OPERA: Alleviating Hallucination in Multi-Modal Large Language Models via Over-Trust Penalty and Retrospection-Allocation
Abstract
- OPERA, a novel MLLM decoding method grounded in an Over-trust Penalty and a Retrospection-Allocation strategy, serving as a nearly free lunch to alleviate the hallucination issue without additional data, knowledge, or training.
- most hallucinations are closely tied to the knowledge aggregation patterns manifested in the self-attention matrix
- MLLMs tend to generate new tokens by focusing on a few summary tokens, but not all the previous tokens.
- Such partial overtrust inclination results in the neglecting of image tokens and describes the image content with hallucination.
- OPERA introduces a penalty term on the model logits during the beam-search decoding to mitigate the over-trust issue, along with a rollback strategy that retrospects the presence of summary tokens in the previously generated tokens, and re-allocate the token selection if necessary.

Introduction
- we delve into the challenge of mitigating MLLMs’ hallucination during inference, without introducing additional data, models, or knowledge.
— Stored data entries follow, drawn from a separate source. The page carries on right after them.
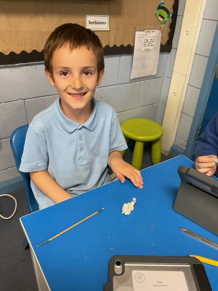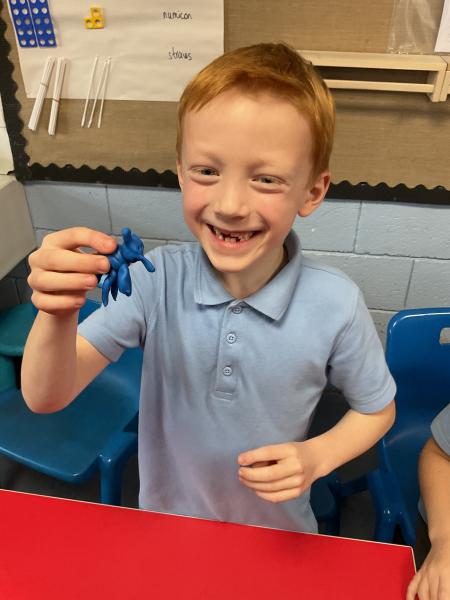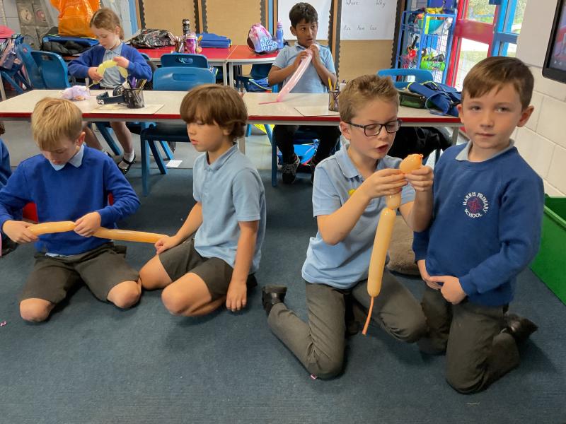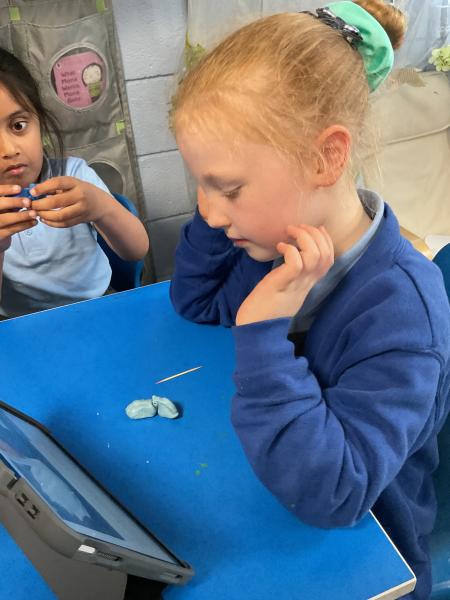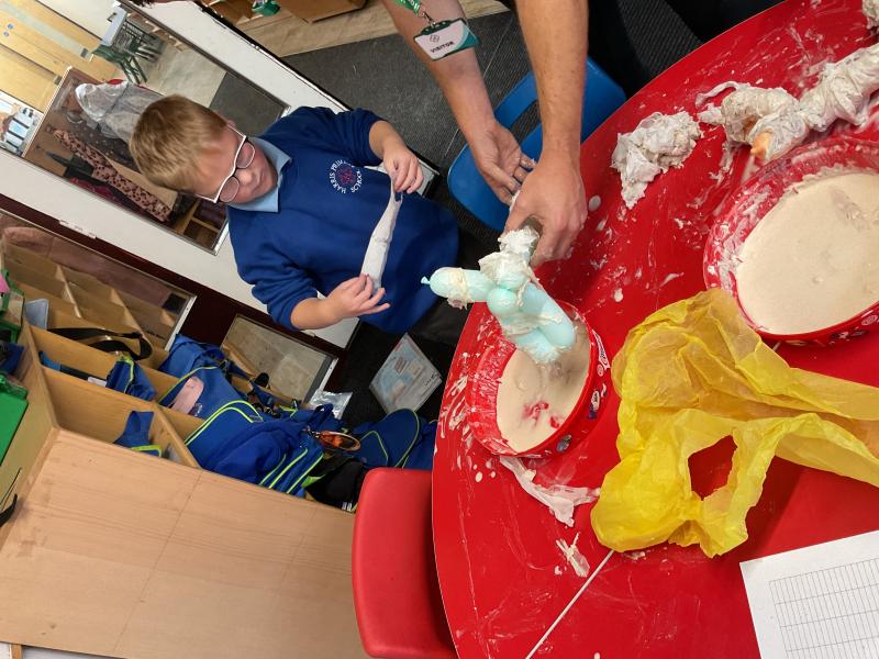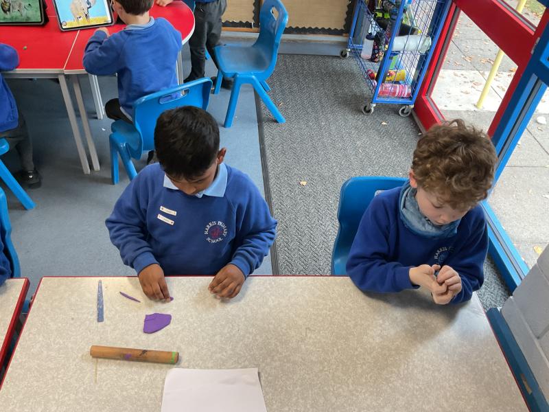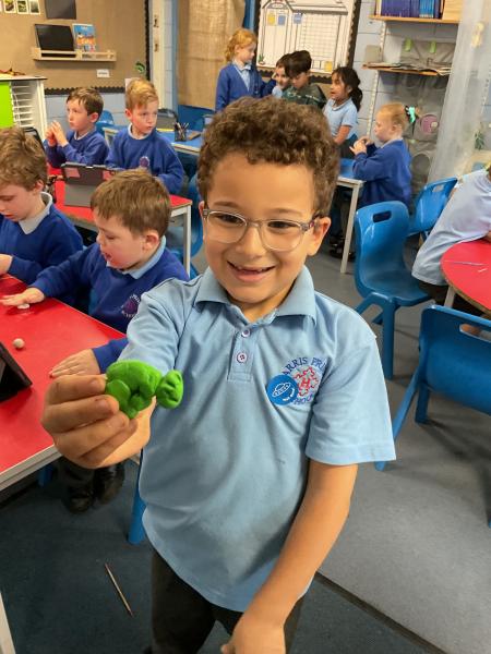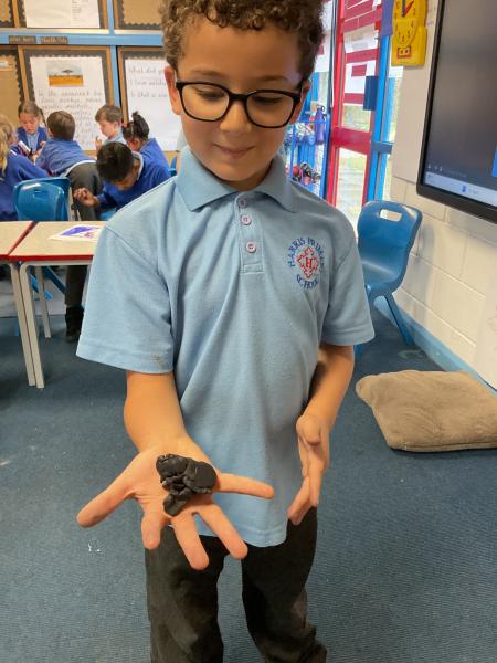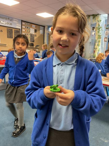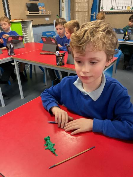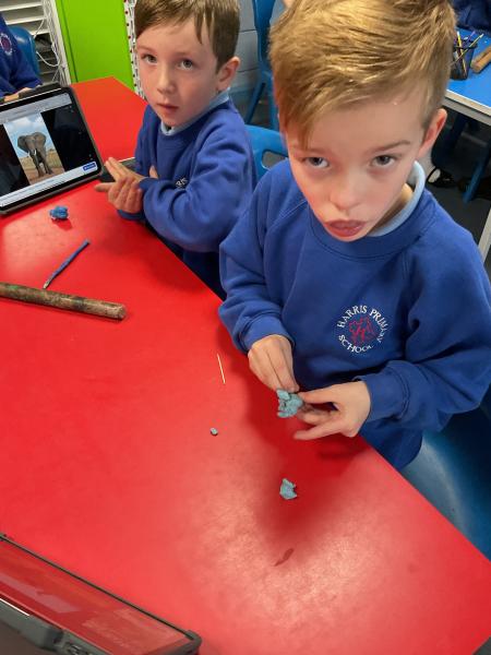 We looked at the artwork of Jeff Koons and his balloon dogs. We even had a go at making a balloon dog and covering it in paper mache. Mostly though we explore sculpture and used clay to make our very own animals.
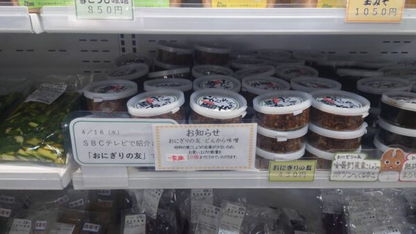 この「おにぎりの友」が4月にSBCテレビで紹介され人気となり、黄こしょうの在庫不足も重なり品薄状態に…… 今まで買えない時はなかったのに、購入するまでに3回もお店に足を運びました。実は今回もショーケースは空っぽ
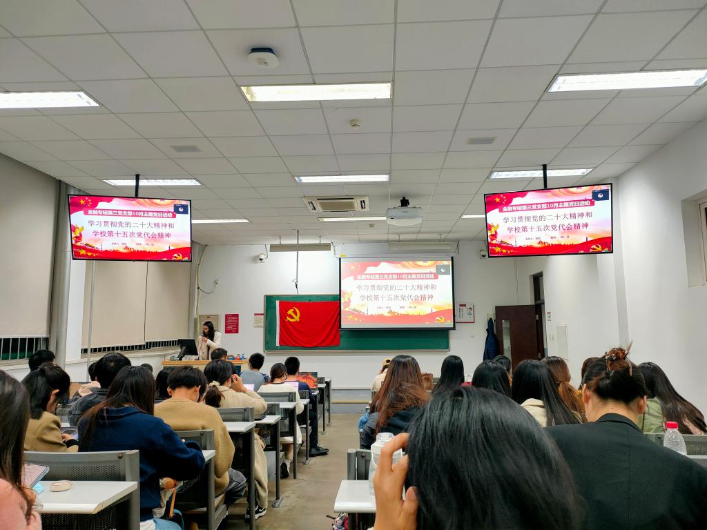 10月16日晚,夜色 金融专硕第三党支部在公共教学一楼3104教室开展“学习贯彻党的二十大精神”主题党日活动。本次活动由支部宣传委员张悦主持,支部39名党员和10名入党积极分子参加活动。
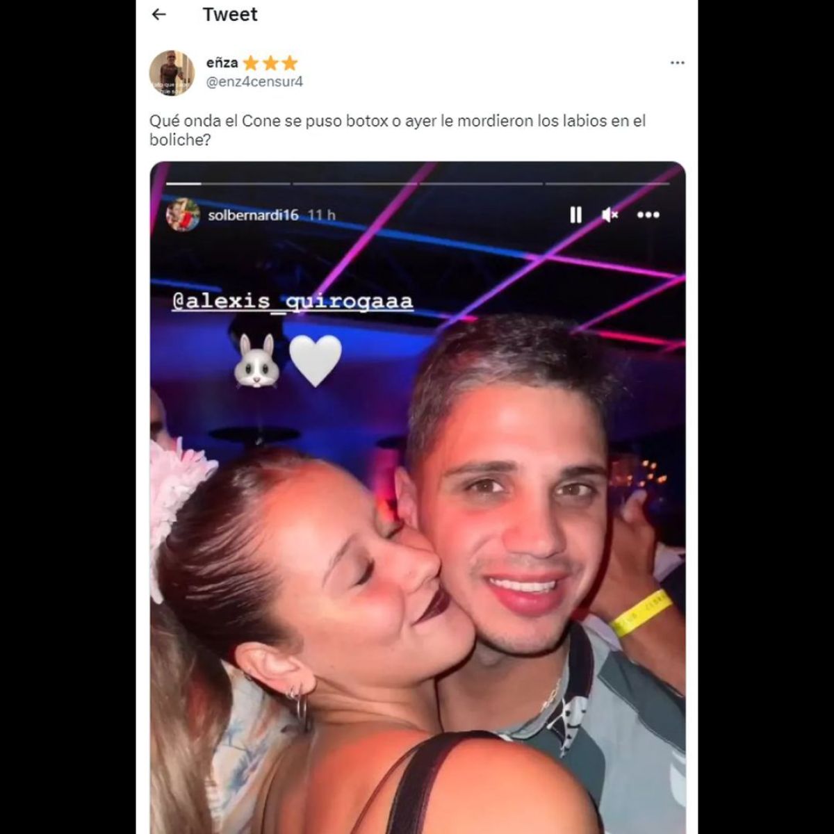 Aunque todo venía sobre rieles, hubo una situación que desató un escándalo en las redes. El Conejo fue a un boliche y se sacó una foto con una admiradora, que se puso muy cariñosa. La imagen en cuestión no tardó en viralizarse. Un usuario en Twitter subió la foto con un mensaje polémico: "¿Qué onda el Cone? ¿Se puso botox o ayer le mordieron los labios en el boliche?".
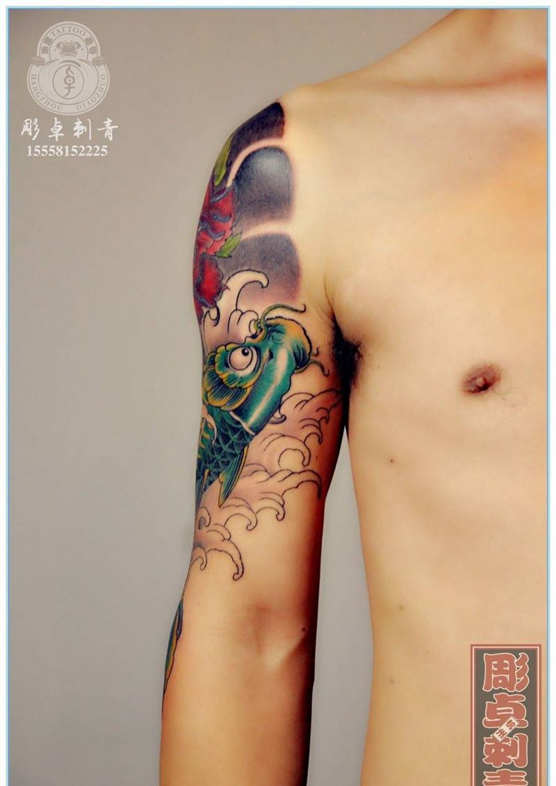 修改 大臂鲤鱼纹身图片_成品传统鲤鱼修改遮盖杭州纹身图案
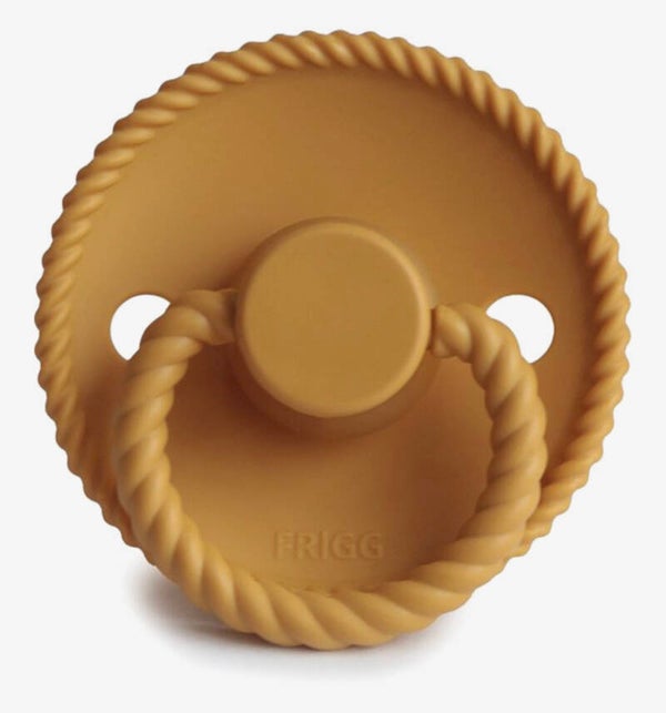 De Frigg fopspeen Rope - Honey Gold is voorzien van een uniek retro design en een comfortabele vorm. De Frigg fospenen hebben 2 luchtgaten in het schildje zitten, waardoor je kleintje altijd goed kan blijven doorademen.

- Our investigation commences with a noteworthy ‘partial over-trust’ observation found while visualizing self-attention maps for decoded sequences.
- As illustrated in Figure 2, we discern a recurring pattern where the inception of many hallucinated contents aligns with the subsequent tokens generated after a columnar attention pattern.
- Notably, these columnar attention patterns often manifest on tokens that lack substantial informativeness
- Intuitively, this peculiarity reveals a weird fact that, a token exhibiting a columnar attention pattern typically possesses limited information, yet exerts a pronounced influence on the prediction of all subsequent tokens.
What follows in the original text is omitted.